Whether creating new music of his own, remixing the work of others, or finding new ways to guide emerging talent, LA-based DJ and producer Morgan Page is among the busiest exponents of electronic music in the business. Headliner managed to find a rare gap in his diary for an insightful conversation covering everything from his origins in the industry, what it takes to succeed in today’s market, his recent masterclass at JBL Fest in Las Vegas, and more…
“I’ve just done a remix for Julian Lennon,” a warm and talkative Morgan Page casually throws out when Headliner asks what he’s been up to of late, as the superstar DJ joins us via Zoom from his west coast studio. “I found out he was a fan of my music and he reached out and asked if I could do a remix of one of his singles.” There is no false modesty or showy name-dropping intended, it’s merely a measure of the vast and varied projects that have come to define his 20-year career so far. At the time of our chat, the track, entitled Lucky Ones, is without a release date, although he informs us that it should be out by the end of the year.
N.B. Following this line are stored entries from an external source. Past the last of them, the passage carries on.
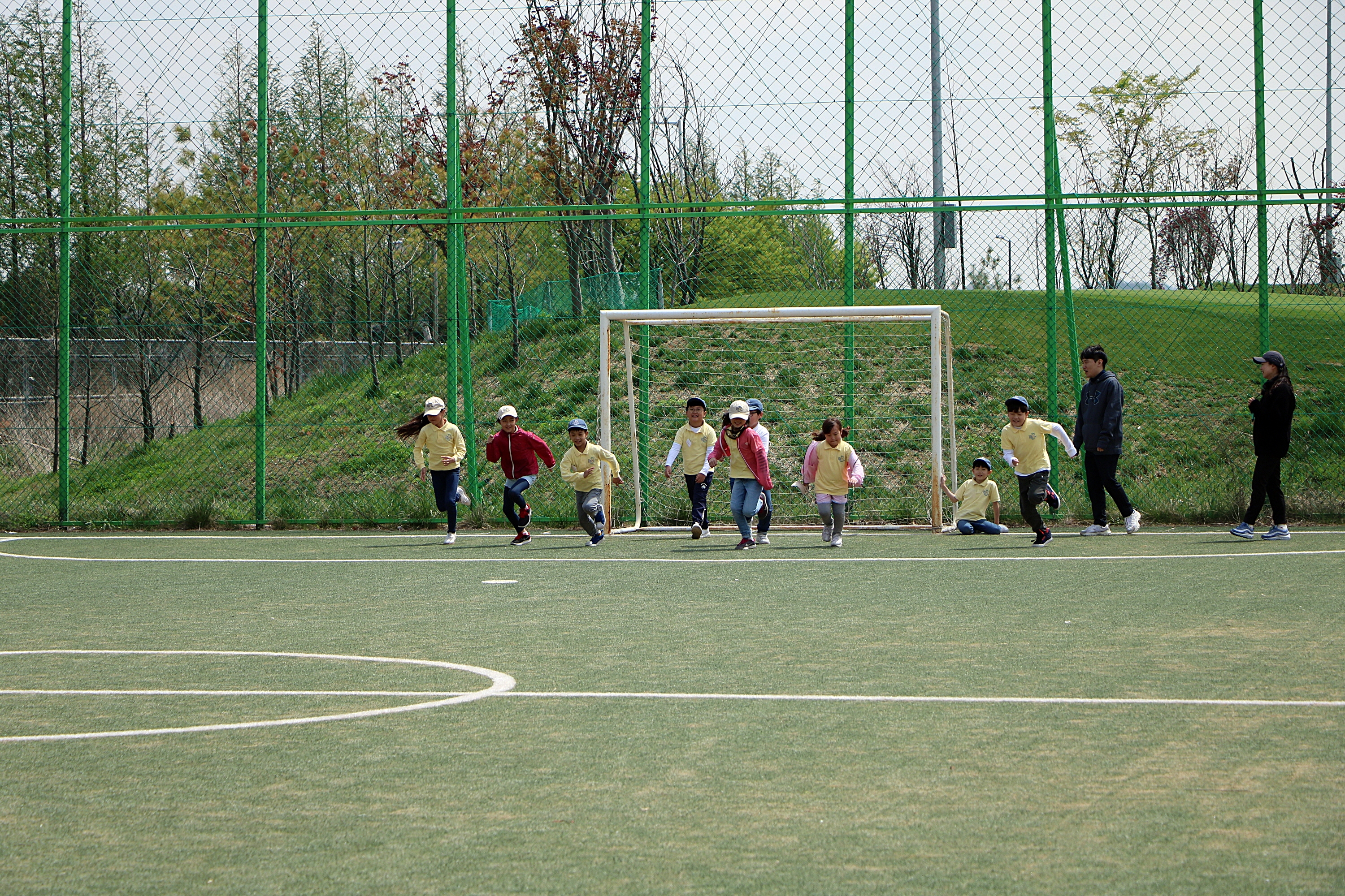 왕복달리기를 하며 기초 체력을 키우고 있는 아이들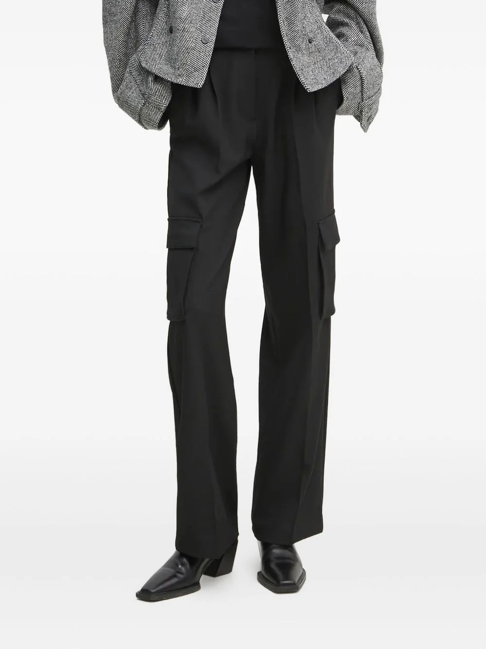 cargo trousers Highlights - Black - Pleated front - Cargo pockets - Straight leg - Concealed fastening Imported Composition Polyester 96%, Elastane 4% Washing instructions Read Manufacturer Guidelines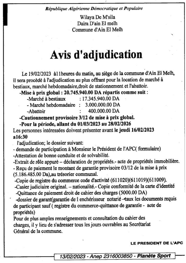 إعلان عن مزاد علني لكراء حقوق الأسواق والمذبح البلدي ببلدية عين الملح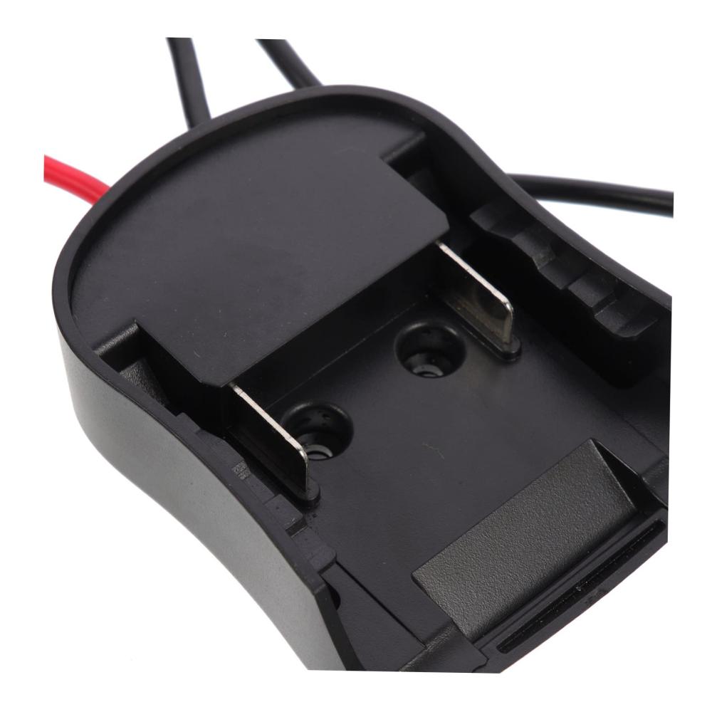 - Batterie-Dock-Stromanschluss: Schließen Sie dieses Produkt an die 18-20-V-Lithium-Ionen-Batterie an und leiten Sie die Batterieleistung über Drähte ab, um sie von anderen Geräten mit dem gleichen Spannungs-Power-Wheel-Adapter zu verwenden.
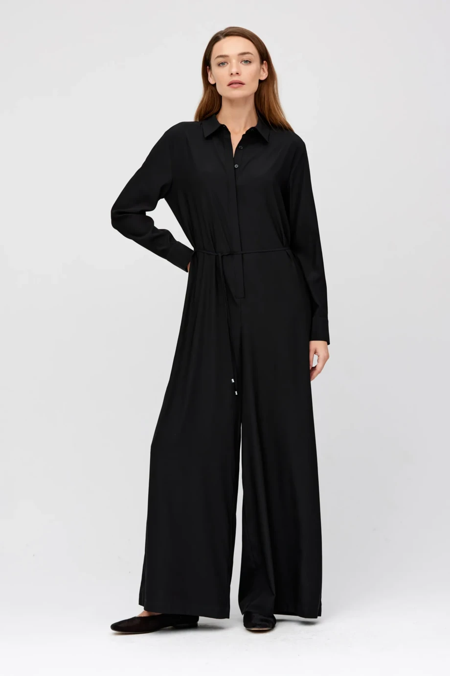 Czarny kombinezon z szeroką nogawką i długim rękawem

Lennon is, of course, far from the first artist from outside the electro world to call upon Page’s remixing services, with the likes of Madonna, Katy Perry, Nelly Furtado, Korn, Alanis Morissette, Stevie Nicks, Adam Lambert, Coldplay, The B-52s, The Police, Tegan & Sara, and a great many more among those whose work he has remixed over the years.
“I think I’ve done over 400 remixes now,” he says, gazing skyward as if attempting to recall each and every one. “They are really fast turnarounds and really fun to do,” he continues, “whereas the originals take a lot longer, but can be more satisfying in the long run. Ever since the pandemic started, I’ve been doing livestreams as well. I started doing one hour mixes every week. They were livestreams that were totally on the fly. I’d pick an hour of new music I hadn’t heard before, curate it, and then mix on the fly in one take. That’s been a challenge; I have to find 20 new songs every week.”
His commitment to seeking out diverse and eclectic collaborators is matched only, it seems, by a steadfast determination to keep challenging himself technically and refining his already substantial chops. This, he explains, has always been part of his makeup as an artist, but has become especially important to him during the most restrictive periods of lockdown.
“It’s crucial in keeping your skills together and flexing that muscle,” he says. “In music we can forget to practice as much as we should. A violinist or a cellist would practice and be very disciplined because of the physicality of their instrument, but as a DJ you have to stay sharp and keep brushing up your skills. And you have to be really organised. The most tedious part of DJing is keeping your library together, keeping all the metadata well organised and tagged.”
Such discipline has evidently served Page well since breaking onto the scene in the late-‘90s/early-‘00s. His route to the upper echelons of the DJ fraternity was less than conventional, and he certainly trod his fair share of hard yards along the way.
“It was a sideways entrance into the music world,” he recalls. “I did it through radio. I was a radio DJ, and as a high school student I did my own mix shows at college stations. That lead to DJing in college and internships in the summer at record labels. I produced a little bit first, then did some DJing, and the internships allowed me to get some songs signed. At the end of high school, I was able to get some music signed early on, and I thought it would be a very quick start, but it was a long process - a 10-year overnight success, as they say.